Галина свернулась калачиком, замолчала. Мать потушила лампу, помолилась богу и, вздыхая, улеглась. Лег и отец. Мысли о женихе не покидали Галину. Она представляла себе, как должна поцеловаться с ним во время венчания перед всей станицей, и тут же зареклась, что никогда не сделает этого, не поцелуется с таким мурлом, но больше всего она боялась расплакаться перед народом.
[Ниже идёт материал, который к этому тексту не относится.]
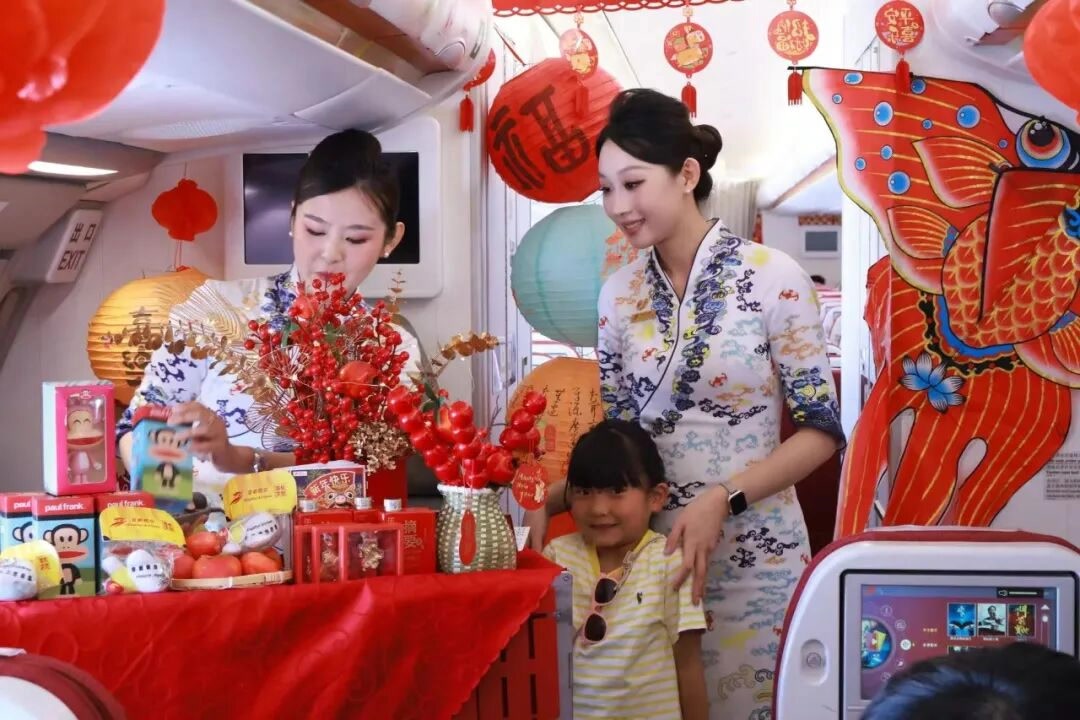 在保障运力畅通的同时,首都航空以细节服务传递新春暖意,让旅客在旅途中感受浓浓的年味儿与温情。春节前夕,首都航空组织在各属地出港航班上张贴“福”字贴纸,开展客舱新春主题布置,营造浓厚节日氛围;策划实施“京彩绽放,新年启航”春节主题航班活动,设置吉祥话祝福、年味知识问答等互动环节,打造集仪式感、文化性与互动性于一体的空中新春体验。同时,联合紫光园、东来顺等京城餐饮老字号,举办“青云启新,云端纳福”主题机上活动,将地道京味年俗与团圆温情融入空中服务,为旅客打造温暖贴心的“空中归家”体验。

Потом в ее воображении поплыли картины свадьбы, где непременно будут пьяные кричать: «Горько, горько!» и она опять должна целоваться с нелюбимым женихом. Наконец нервы не выдержали, и она вдруг громко заревела: «Ой боже ж мой, что я наделала! Да как я пойду к такому человеку?»
Денисовна испугалась, хотела подняться, но Калита толкнул ее в бок, дескать, молчи, и сам не проронил ни слова: лег только на спину, подложил руки под голову и, молча слушая плачущую дочь, говорил себе: «Пущай трошки поплачет, и моя Дуня перед свадьбой плакала. Оно так и надо. Потом успокоится, и все будет хорошо».
Галина постепенно сбавляла свои рыдания, голос се становился все тише и глуше, потом стала только всхлипывать и наконец совсем стихла.
Денисовна с облегчением прошептала:
«Слава тебе, боже, слава тебе!» И, отдавшись на милость господа, незаметно стала засыпать.
На гребне камышовой крыши хаты Калиты ворковали голуби. Денисовна и Галина выносили под шелковицу белье для стирки. Здесь на двух табуретках уже стояло приготовленное корыто, на плите в выварке грелась вода.
Галина взяла ведра, коромысло и направилась к реке за водой.
На плавневой излучине Кубани краснодольские хлопцы и девчата наблюдали, как Виктор Левицкий и Григорий Молчун пытались вытащить из воды огромного сома, попавшегося на крючок. Виктор и Григорий стояли на илком песке босиком с подвернутыми до колен штанинами. Сом, натянув толстую волосяную лесу, как очумелый, кидался из стороны в сторону.
Галина, гремя, ведрами и коромыслом, сбежала по косогору к подругам. Среди них была и Оксана. Она кинулась к Галине, обняла ее и, указав на Григория, тихо спросила:
Жених?
Галина, не слушая ее, следила за рыболовами. Рядом с Виктором Григорий показался ей просто уродом.
«Неужели такой некрасивый
у меня будет чоловик? подумала она в тревоге. Господи!..»
Помогите! вдруг закричал Виктор.
Несколько дюжих парней ухватились за шнур, и обессиленный сом почти полуторасаженной длины был вытащен на песчаный берег. Изгибаясь могучим телом, он поминутно зевал широким ртом. Галина еще раз посмотрела на Григория лицо у него было тупое, соминое и она незаметно перевела глаза на Виктора, с досадой в душе воскликнула: «Ах, дура я, что согласилась!»
Оксана не спускала глаз с Виктора. Храня на лице живую, одухотворенную улыбку, она щебетала с подругами, с любопытством рассматривала сома-великана.
Виктор присел на корточки, закурил. Оксана взглянула на него и принялась расправлять у Галины воротничок белой кофточки. Григорий сидел на траве, в третий раз всовывал правую ногу в сапог, но все подворачивалась у него портянка. Наконец он топнул ногой, поправил голенище и одернул рубашку под казачьим поясом. Виктор тоже обулся, подошел к водоплеску, помыл руки. Молодежь разошлась.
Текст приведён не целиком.